Wa innā la jā‘ilūna mā ‘alayhā ṣa‘īdan juruzā.
Artinya: Dan sesungguhnya Kami benar-benar akan menjadikan (pula) apa yang di atasnya menjadi tanah yang tandus.
أَمْ حَسِبْتَ أَنَّ أَصْحَـٰبَ ٱلْكَهْفِ وَٱلرَّقِيمِ كَانُوا۟ مِنْ ءَايَـٰتِنَا عَجَبًا
Am ḥasibta anna aṣḥābal-kahfi war-raqīmi kānū min āyātinā ‘ajabā.
Artinya: Apakah kamu mengira bahwa orang-orang yang mendiami gua dan (yang mempunyai) tulisan yang terukir itu termasuk tanda-tanda kekuasaan Kami yang menakjubkan?

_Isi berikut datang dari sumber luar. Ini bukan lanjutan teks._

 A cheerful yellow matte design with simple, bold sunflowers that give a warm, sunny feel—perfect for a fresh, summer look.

إِذْ أَوَى ٱلْفِتْيَةُ إِلَى ٱلْكَهْفِ فَقَالُوا۟ رَبَّنَآ ءَاتِنَا مِن لَّدُنكَ رَحْمَةًۭ وَهَيِّئْ لَنَا مِنْ أَمْرِنَا رَشَدًۭا
Idz awal-fityatu ilal-kahfi faqālū rabbanā ātinā min ladunka raḥmatan wa hayyi’ lanā min amrinā rasyadā.

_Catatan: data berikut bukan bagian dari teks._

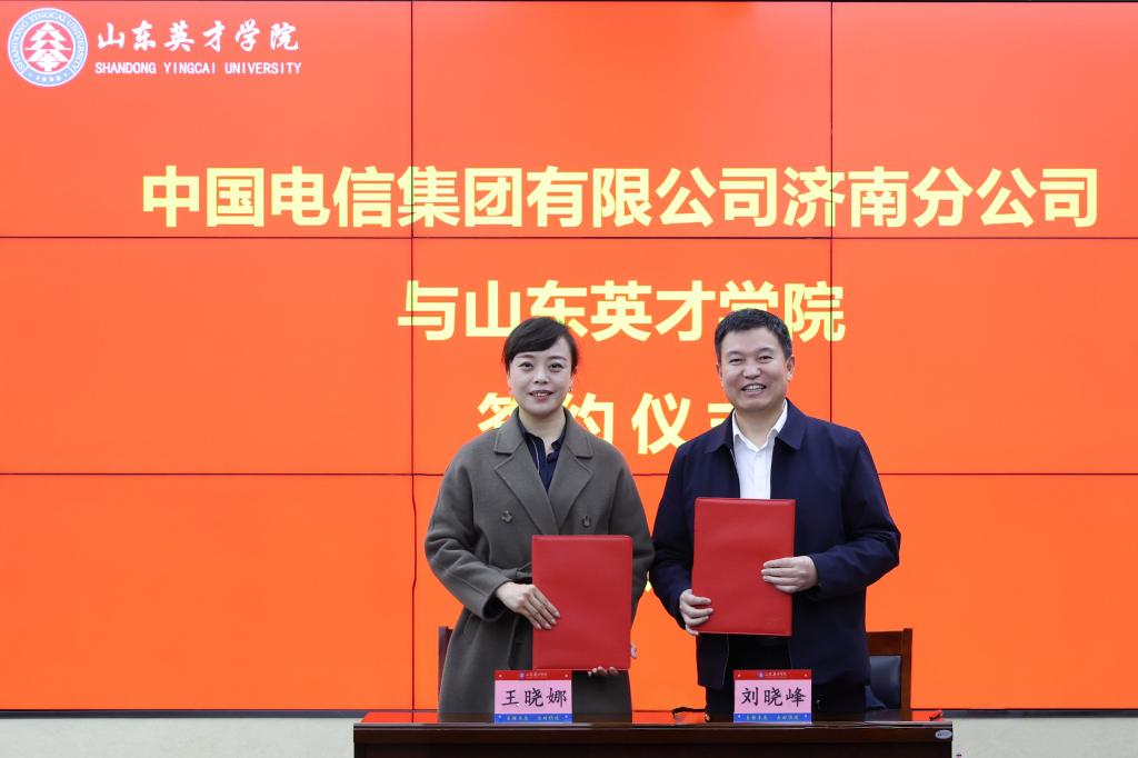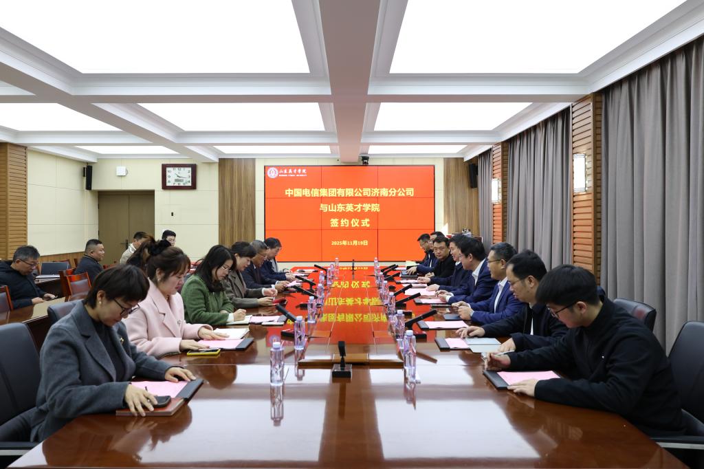 11月19日,山東英才學(xué)院與中國(guó)電信集團(tuán)有限公司濟(jì)南分公司在學(xué)校辦公樓第一會(huì)議室舉行人工智能戰(zhàn)略合作簽約儀式。山東英才學(xué)院黨委副書(shū)記、執(zhí)行校長(zhǎng)王曉娜、副校長(zhǎng)崔奎勇,紀(jì)委書(shū)記、副校長(zhǎng)李曉玲,校長(zhǎng)助理張瑞君,中國(guó)電信集團(tuán)有限公司濟(jì)南分公司總經(jīng)理劉曉峰等領(lǐng)導(dǎo)出席儀式。簽約儀式由副校長(zhǎng)崔奎勇主持。

Artinya: (Ingatlah) ketika para pemuda itu berlindung ke dalam gua, lalu mereka berdoa, “Wahai Tuhan kami, berikanlah rahmat kepada kami dari sisi-Mu, dan sempurnakanlah bagi kami petunjuk yang lurus dalam urusan kami.”